Given information
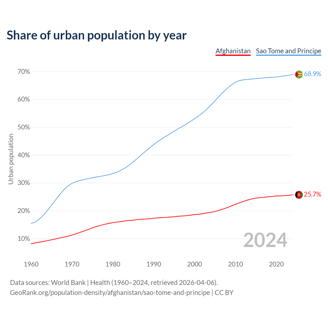 From 2004 to 2024, the share of urban population changed from 19.4% to 25.7% in Afghanistan and from 57.9% to 68.9% in Sao Tome and Principe.
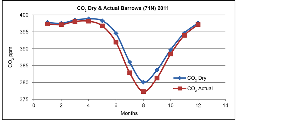 In the Polar Regions the dry CO2 and the actual CO2 concentrations are nearly the same. This is illustrated by Figure 2 plotting the two measurements from Barrows Alaska (71˚N). All dry CO2 data was obtained from the Earth Systems Research Laboratory of the National Oceanic & Atmospheric Administration (NOAA). All references to ESRL are from this data source. The selected year is representative since graphs for different years show the same type of relationship.
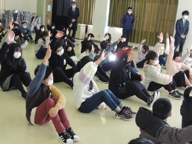 昨年8月にご来校いただき、プールの草取りをしていただいた名城大学の皆さんに再び来ていただき、ちょうど1ヶ月後に卒業式を控えた体育館の掃除をしていただきました。普段、なかなか手が回らないギャラリーや広いフロアをきれいにしていただき、最後にワック掛けまでしていただきました。おかげさまで、体育館がぴかぴかになりました。ありがとうございました。

What you are asked to do
Restate, line by line and word for word, everything from the top of the material through the line that contains "In the Polar". Leave pictures out.

Finished exercise
 From 2004 to 2024, the share of urban population changed from 19.4% to 25.7% in Afghanistan and from 57.9% to 68.9% in Sao Tome and Principe.
 In the Polar Regions the dry CO2 and the actual CO2 concentrations are nearly the same. This is illustrated by Figure 2 plotting the two measurements from Barrows Alaska (71˚N). All dry CO2 data was obtained from the Earth Systems Research Laboratory of the National Oceanic & Atmospheric Administration (NOAA). All references to ESRL are from this data source. The selected year is representative since graphs for different years show the same type of relationship.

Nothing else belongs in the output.